What feature do you want to examine precisely?
I am asking because the simple substraction may not tell you very much about the difference between the two files (especially with regard to the harmonic content).
All you will do is removing all content that is 100% correlated.
If the two tracks were aligned correctly, you could simply use the Voice Removal effect (simple mode). The preliminary step would be to import the two files, then (if they are mono) to make them stereo (just “make stereo track” from the track drop down menu of the upper track).
The result after the voice removal is the difference between the two channels, scaled by 0.5.
You can split the new stereo track - both channels are identical and amplify one by 6 dB to get the real difference.
You can also try this plug-in:https://forum.audacityteam.org/t/karaoke-rotation-panning-more/30112/1
The preliminary steps are the same but you’ll end up with the rest of the first wave file in the left channel and the rest of the second file in the right channel.
What’s more, there’s a control that let’s you shift one of the two channels by an exact amount of samples (“delay”).
But we now have to face the fact that this offset is not known in the first place.
You’ve already proposed a method that works with the slope of the signal.
In Nyquist, that’s really easy,
(slope s)
returns this value (multiplied by the sounds samplerate). s is the global variable that holds the input sound passed from Audacity either mono or stereo.
For the log you can either choose ‘(s-log )’ or directly convert to dB ‘(linear-to-db )’.
Quantization is also available ‘(quantize )’.
However, I don’t wanna introduce you to Nyquist but it may be that we end up with some code that you can directly try from the Nyquist Prompt.
I am not sure how you want to find the exact alignement from the values obtained so far.
The question is how much a signal differs from the other. You’re lost if there are any phase shifts or so introduced. We currently assume that the recording starts in both cases with a slope that is practically identical.
There are several approaches that seem to work better.
Firstly, I would work with the integral of the absolute sample values of a little portion of the two sounds. This gives a wavy, ascending line.

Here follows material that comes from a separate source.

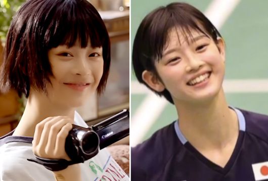 일본의 20세 배드민턴 선수 타구치 마야가 뉴진스 하니를 닮은 외모로 한국 온라인상에서 화제다. 사진=인스타그램 왼쪽은 뉴진스 하니, 오른쪽은 타구치 마야. 사진=뉴진스 유튜브, @maya_tguchifan, |

You can compare the two lines with a least-squares calculation. This gives you two values:
A - the y-axis crossing and B the slope, i.e. Left-Channel = A + B * Right-Channel.
If the two are aligned correctly, you’ll should get the values 0 and 1.
This can be done repeatedly with a different delay until you’ve found the minima (or when the correlation has its maximum).
We can shorten this process by remapping the values such that the signal value instead of the time line serves as x-axis.
In this case, the A-coefficient wil tell us how much latency offset we have.
That’s like shifting our ascending line left/right instead of up/down until the error is minimal.
(that’s why we must integrate the signal, the recursive method would work with the pure signals)
The final algorithm really depends on the similarity of the two signals and if there is any noise in the beginning or pure digital silence.